Ceril first met Bira in 1933 at the age of 17 when he was 20, three weeks later he asked her to marry him and thus began the story of Bira, Prince of Siam, grandson of King Monghut, immortalized by Richard Rodgers and Oscar Hammerstein in the 1951 musical “The King and I”, and the young Englishwoman who was to become Princess Ceril Birabongse. Educated at Eton and Cambridge Bira later enrolled at Mr Wheeler’s Studio in Tregunter Road, Chelsea and was to later exhibit his work at the Royal Academy. Joining his cousin Chula, they were to join the 1930s racing circuit with a fleet of racing cars painted “Bira Blue”, emblazoned with Bira’s white mouse mascot. Racing in Britiain, Ireland, The Isle of Man, Monte Carlo, Nurburgring, Peronne, Albi, Berne and Pescara. He was the only Thai race car driver to race until Alex Yoong in Formula One in 2001. Racing for Maserati, Gordini and the Connaught teams with his cousin prince Chula and his “White Mouse Racing team”, driving a Riley Imp at Brooklands in 1935, it was in this car that he established the national racing colours of Siam of pale blue with yellow, which became known as “Bira Blue”. At the end of 1937 Bira married Ceril Heycock, a young Englishwoman who he had first met at the Byam Shaw Art School, Campden Hill in 1933. By chance Bira was also aquainted with Way Heycock, Ceril’s brother while he was up at Cambridge.

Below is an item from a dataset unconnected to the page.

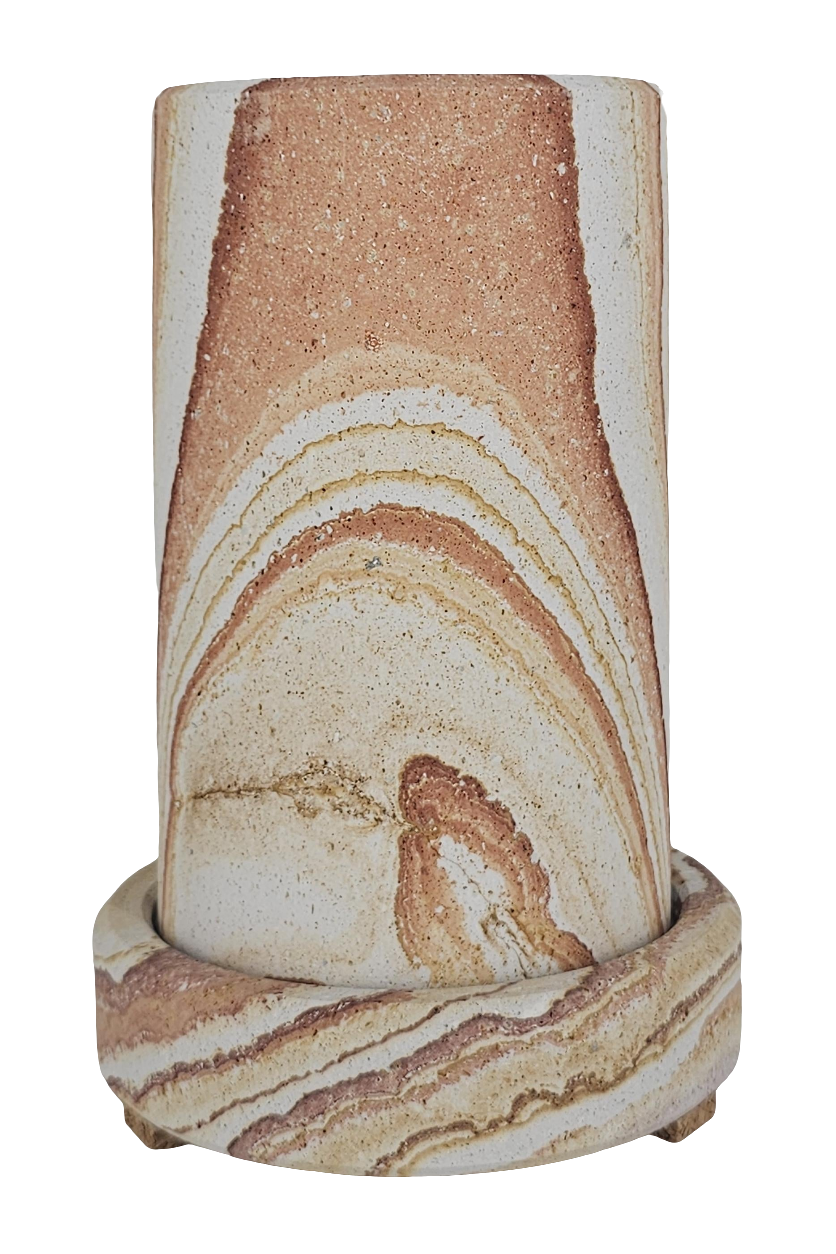Dieser Coolkeeper besteht zur Gänze aus Sandstein. Seine Besonderheit ist der Roteinschlag in vertikalem Verlauf, der auf seltene Eisensulfitrückstände zurückzuführen ist.

Bira’s cousin and guardian Prince Chula, gave Ceril and Bira a cheque to furnish their new home, however he was to spend a sizeable portion on a new car, a blue Rolls Royce from Jack Barclay’s showroom. Bira whenever he had money could never resist spending it all at once. It was also through the generosity of Chula that Ceril was to aquire her jewellery gifted from Chula to Bira for Ceril. Chula whose mother was a Russian émigré had been gifted fabulous jewels from her mother in law, Queen Saowabha.  On discovering that Chula’s father had fallen in love with one of his nieces, and refusing to give her up Chula’s mother went to live in Shanghai, before her departure she gave back all her jewels to Queen Saowabha where they were kept until Chula came of age. When Chula married Cerils best friend Lisba, on 30th September 1938, he gave the jewels to his new wife and Ceril, presenting  the black opal and diamond set , saying only she could wear them as he knew no-one else born in October.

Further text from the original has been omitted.